◆ AVAILABLE DATA ◆
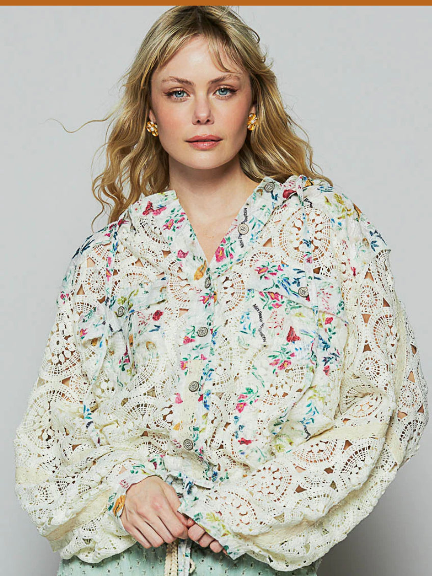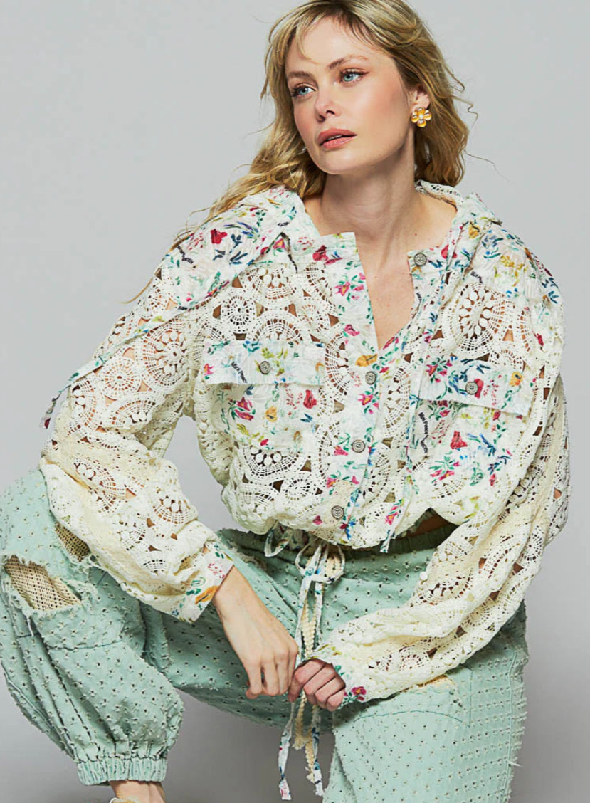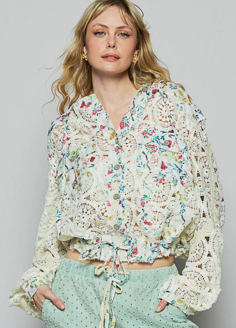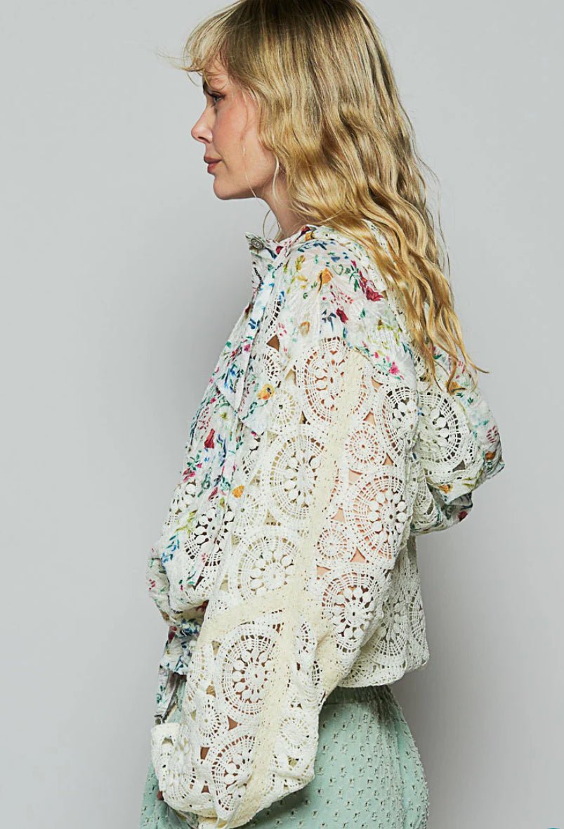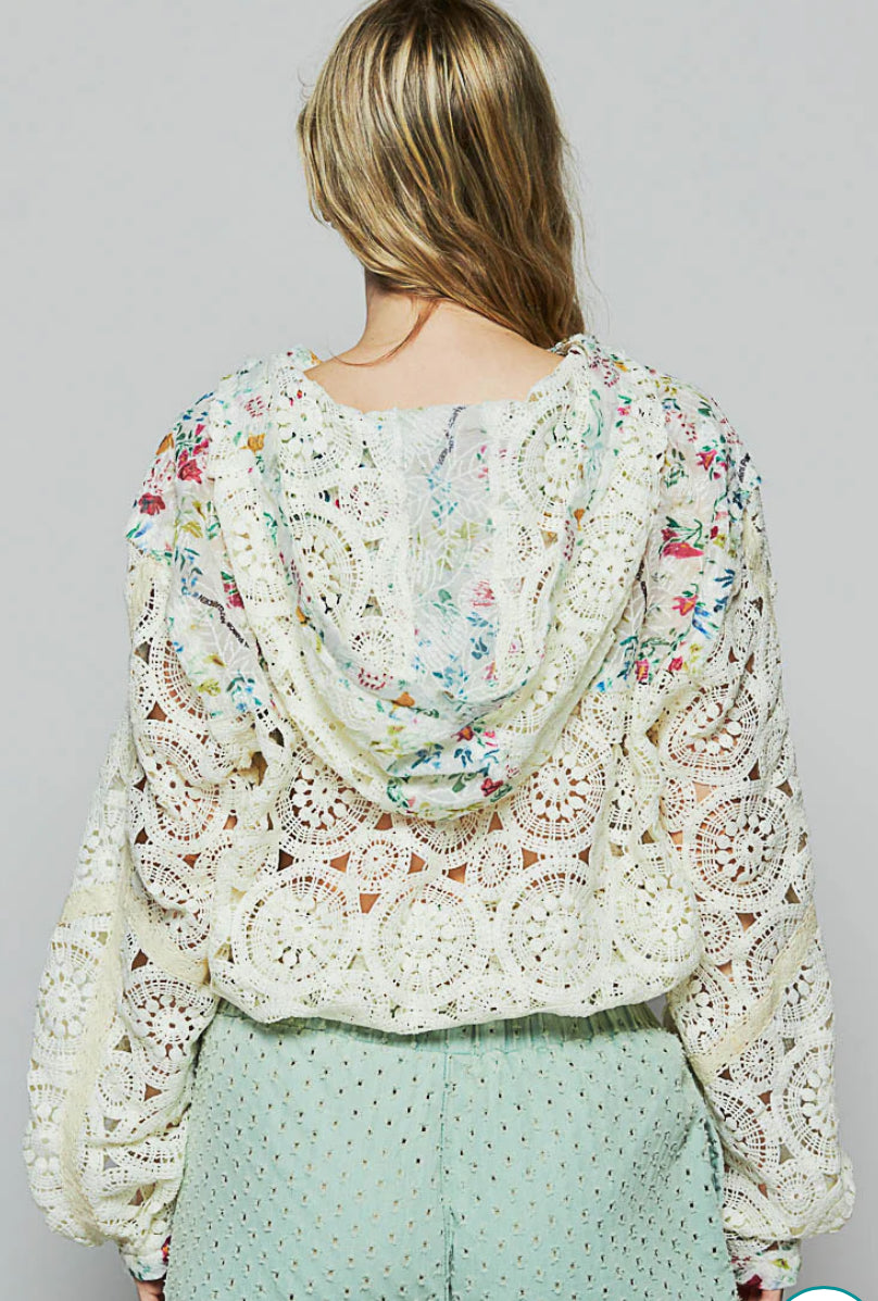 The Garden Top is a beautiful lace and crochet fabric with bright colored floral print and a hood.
...
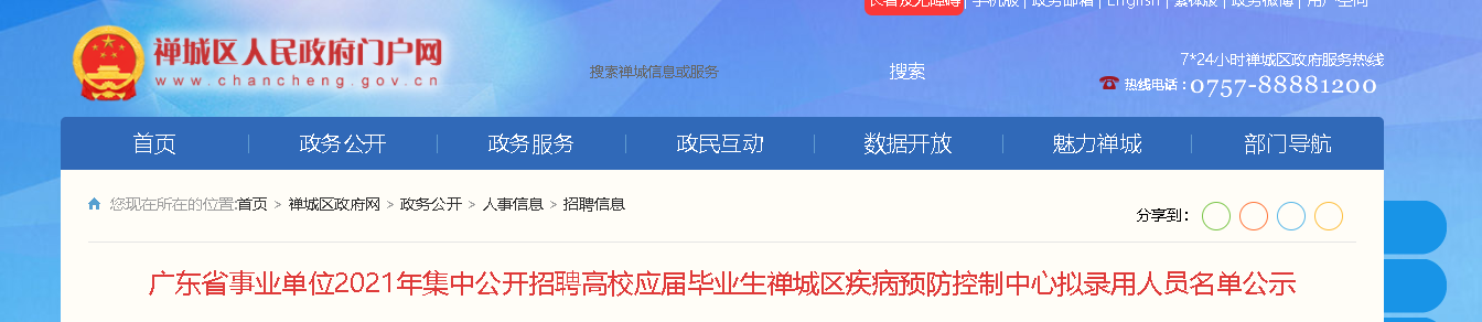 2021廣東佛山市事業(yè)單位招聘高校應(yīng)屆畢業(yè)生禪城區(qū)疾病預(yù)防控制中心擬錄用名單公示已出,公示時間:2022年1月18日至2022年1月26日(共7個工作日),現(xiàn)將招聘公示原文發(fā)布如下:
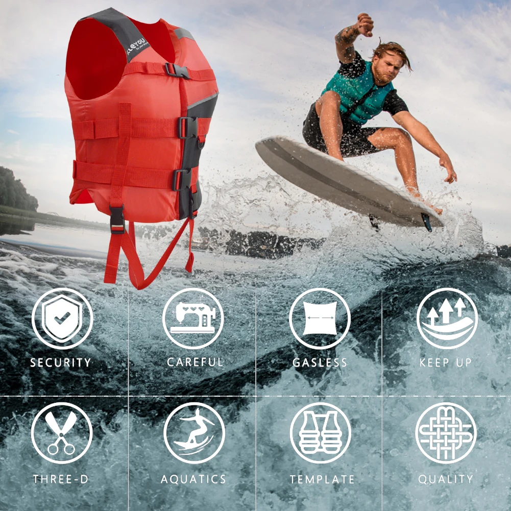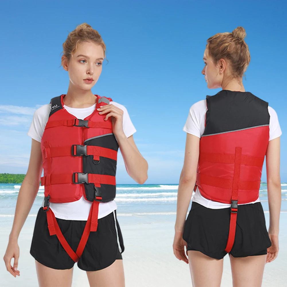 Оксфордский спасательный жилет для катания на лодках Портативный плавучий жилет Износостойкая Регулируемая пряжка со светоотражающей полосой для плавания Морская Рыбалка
...
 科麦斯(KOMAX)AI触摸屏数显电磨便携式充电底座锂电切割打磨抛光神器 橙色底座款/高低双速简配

◆ PROBLEM TO WORK ON ◆
Copy exactly the lines of the listing above between the one holding "2021廣東佛山市事業(yè" and the one holding "Оксфордский спасательный жилет", inclusive; omit all pictures.

◆ TASK ANSWER ◆
 2021廣東佛山市事業(yè)單位招聘高校應(yīng)屆畢業(yè)生禪城區(qū)疾病預(yù)防控制中心擬錄用名單公示已出,公示時間:2022年1月18日至2022年1月26日(共7個工作日),現(xiàn)將招聘公示原文發(fā)布如下:
 Оксфордский спасательный жилет для катания на лодках Портативный плавучий жилет Износостойкая Регулируемая пряжка со светоотражающей полосой для плавания Морская Рыбалка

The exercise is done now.